Pictures aside, return every line below exactly as written.

#### [Source material]
--- START ---
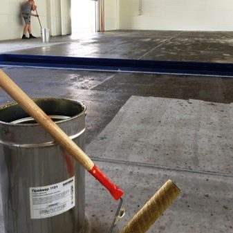 Manchmal kommt es vor, dass die Grundierung die Rolle einer Deckbeschichtung ohne die nachfolgende Verwendung von Farbe übernimmt. Diese Option wird in Garagen, Werkstätten und Wirtschaftsräumen verwendet. Sie müssen eine Lösung wählen, die die Betonbasis stärkt.
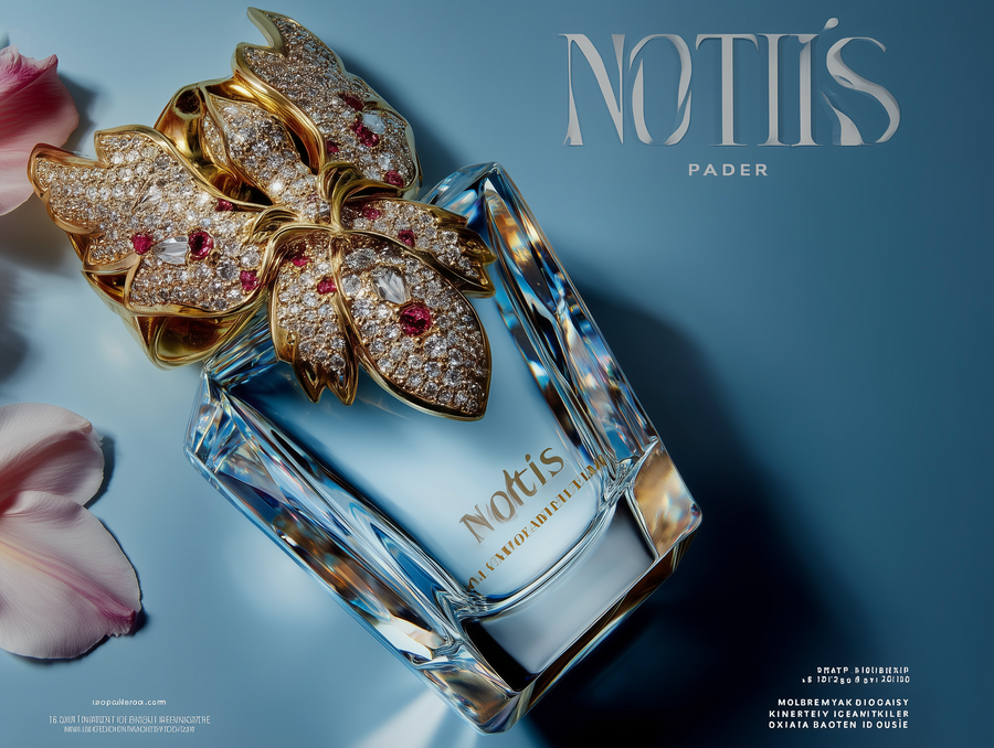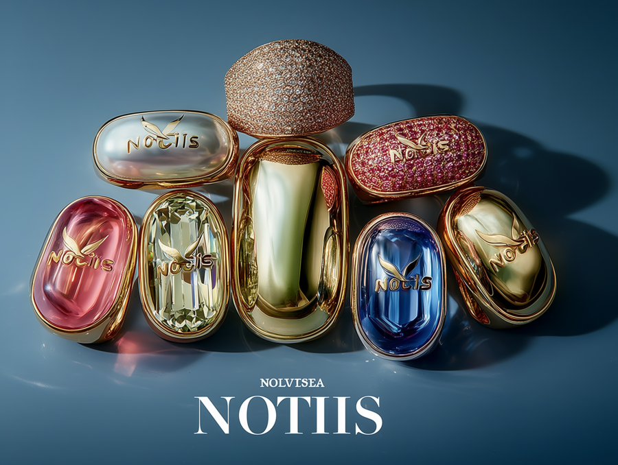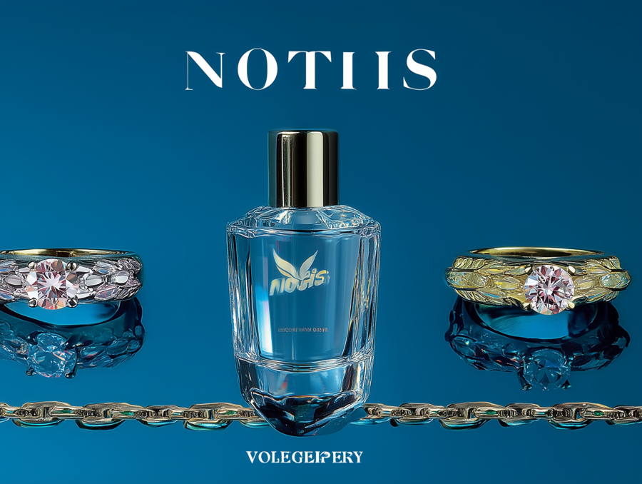 advertisement for perfume jewelry from the jewelry brand «Notis», lots of gold, blue background
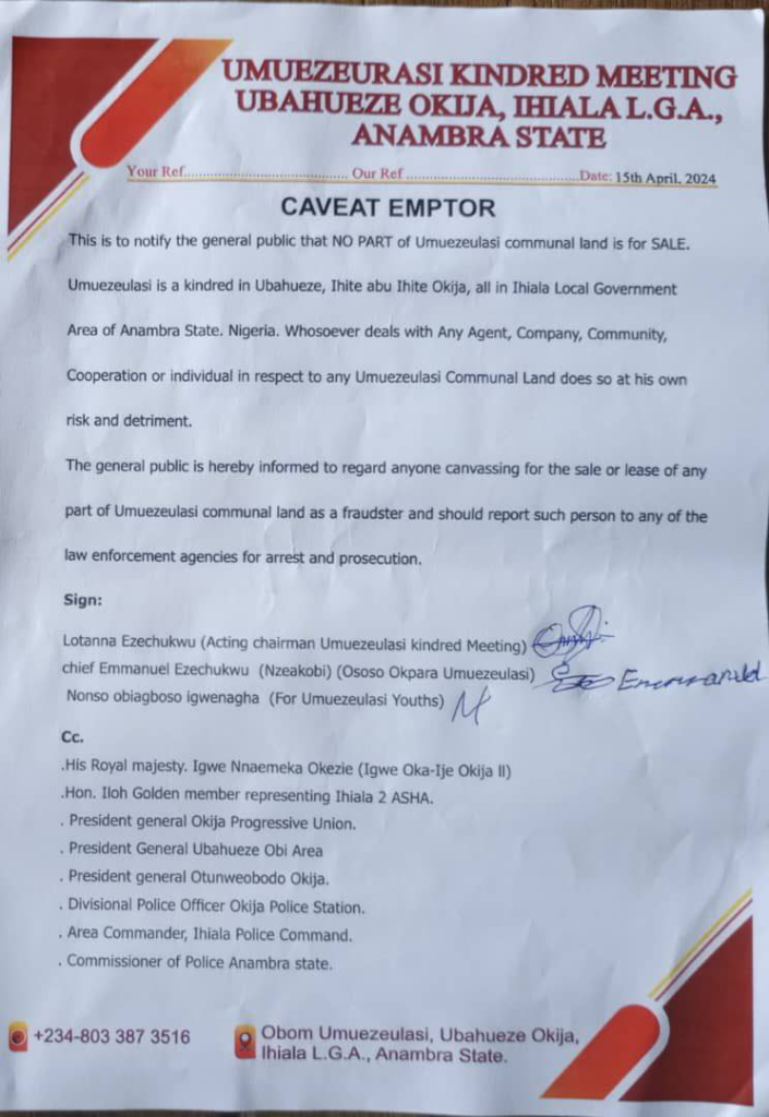 ANNOUNCEMENT Okija people wish to announce to the entire Biafrans and to whom it may concern that no land in Okija is for sale or for Ruga. The man in the picture, is said to be one Mr Obijackson. We are calling on him to stay away from any land in Biafra land not just in Okija. Anyone involved is selling land to Fulani terrorists will surely regret such dealings./Simon Ekpa
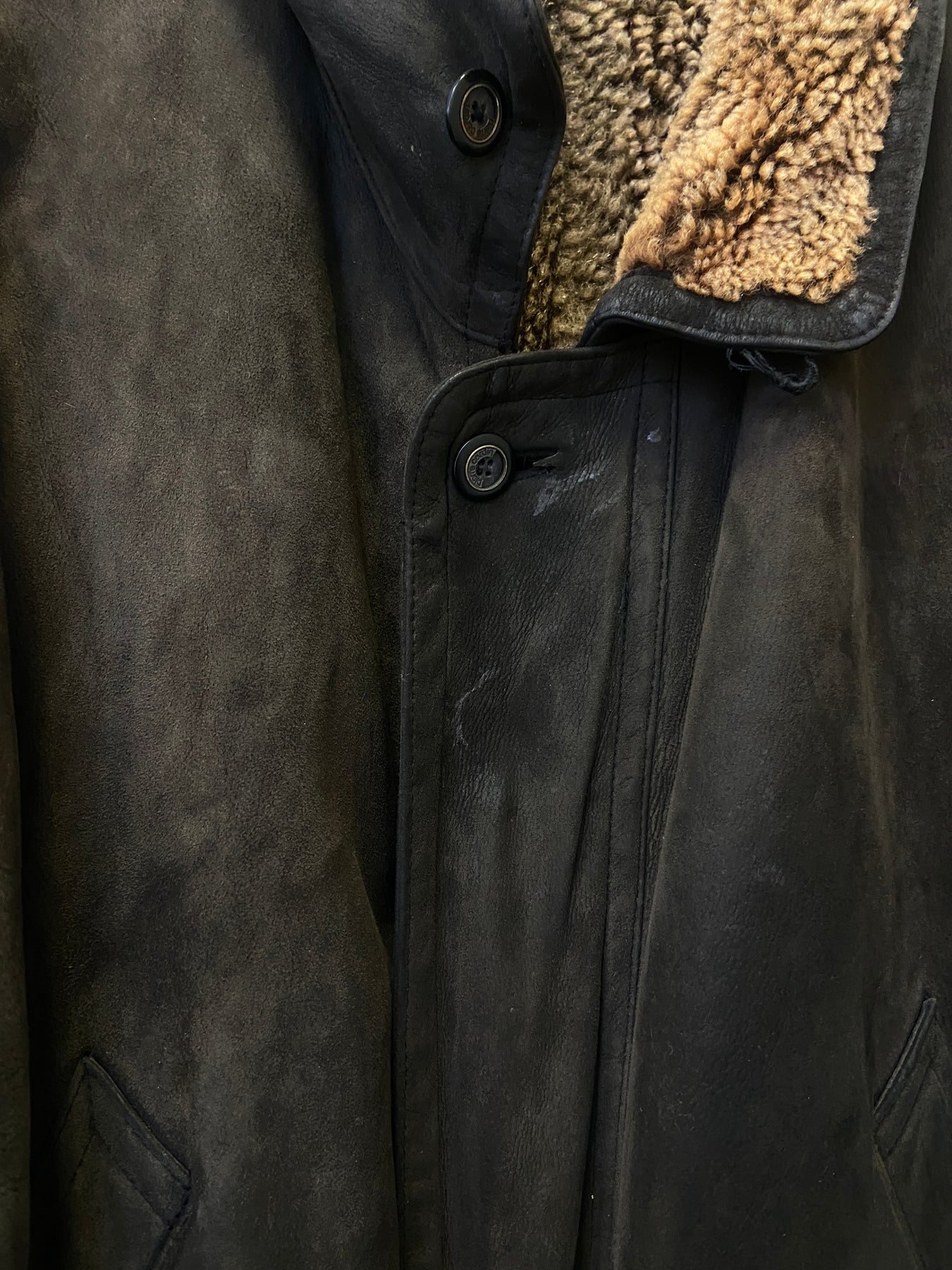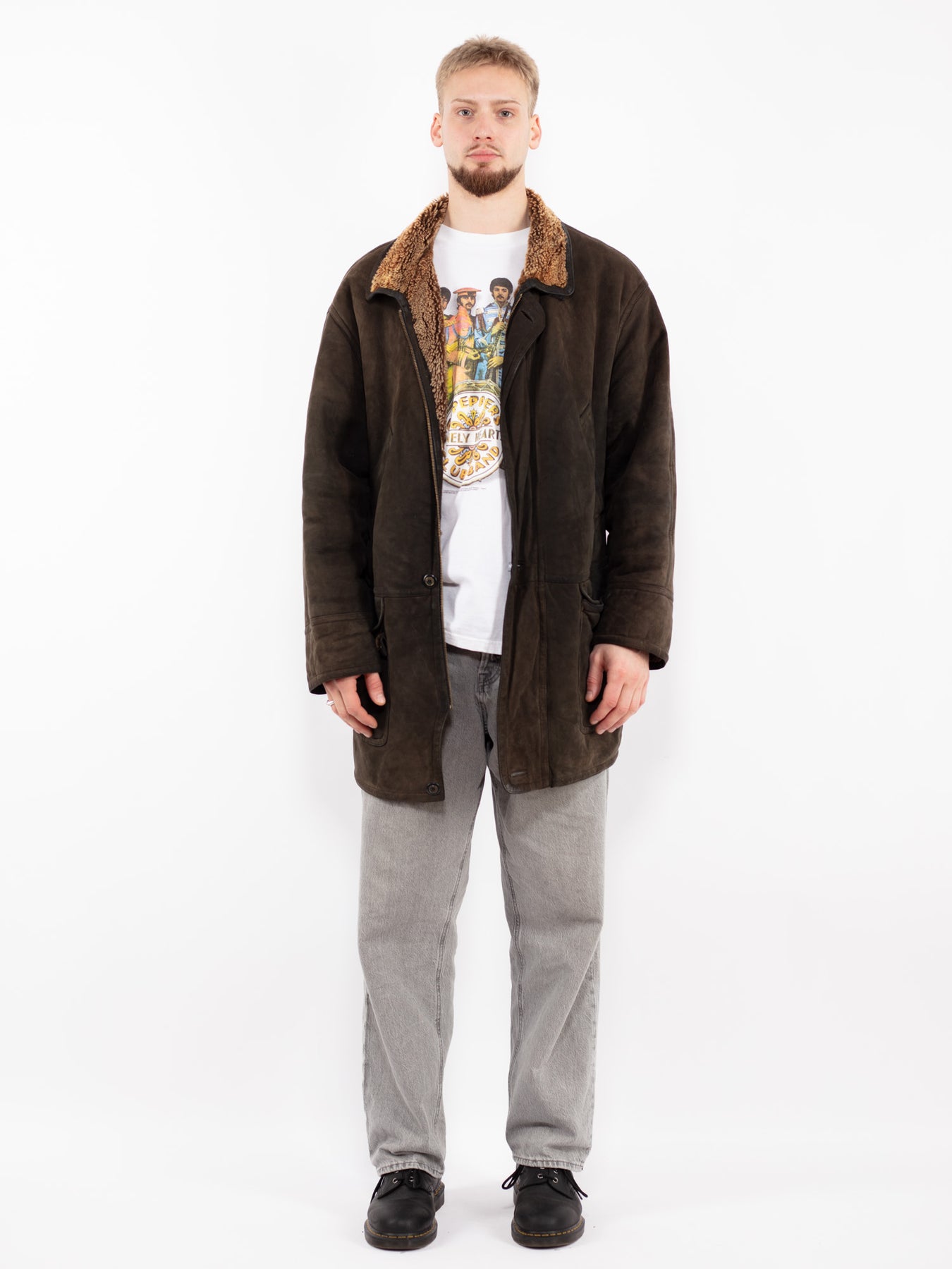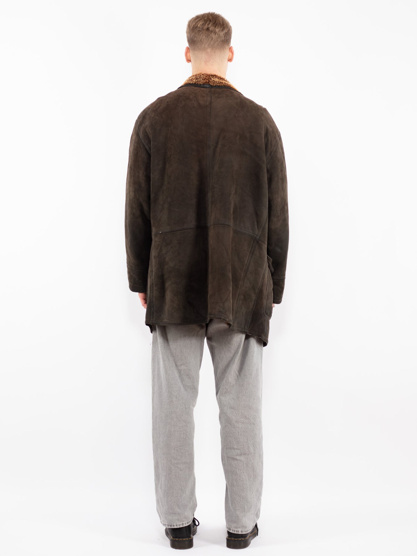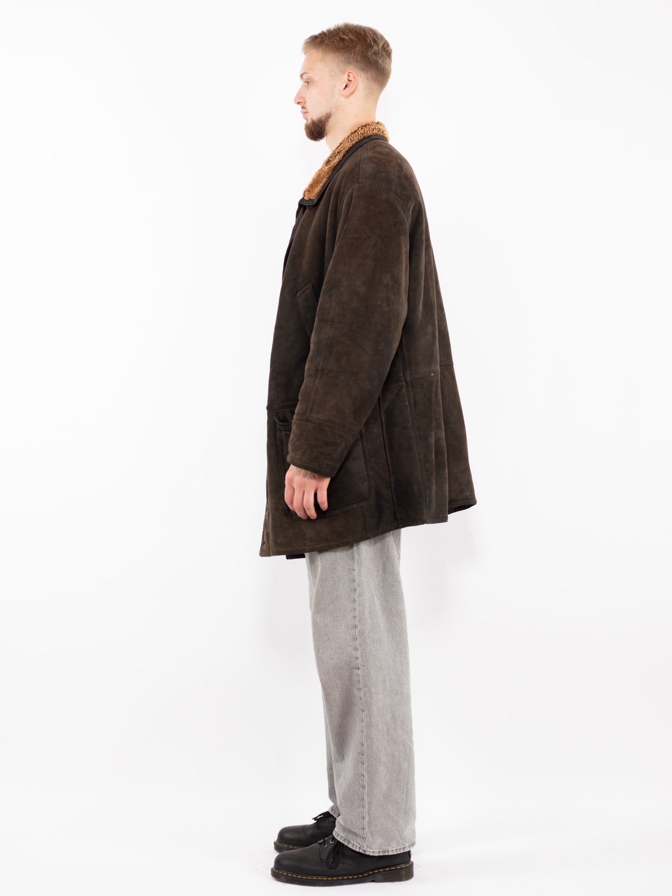 What it is: Vintage 90's Men Sheepskin Coat in Brown — genuine sheepskin (shearling), one-of-a-kind vintage.
--- END ---
#### [Exercise answer]
 Manchmal kommt es vor, dass die Grundierung die Rolle einer Deckbeschichtung ohne die nachfolgende Verwendung von Farbe übernimmt. Diese Option wird in Garagen, Werkstätten und Wirtschaftsräumen verwendet. Sie müssen eine Lösung wählen, die die Betonbasis stärkt.
 advertisement for perfume jewelry from the jewelry brand «Notis», lots of gold, blue background
 ANNOUNCEMENT Okija people wish to announce to the entire Biafrans and to whom it may concern that no land in Okija is for sale or for Ruga. The man in the picture, is said to be one Mr Obijackson. We are calling on him to stay away from any land in Biafra land not just in Okija. Anyone involved is selling land to Fulani terrorists will surely regret such dealings./Simon Ekpa
 What it is: Vintage 90's Men Sheepskin Coat in Brown — genuine sheepskin (shearling), one-of-a-kind vintage.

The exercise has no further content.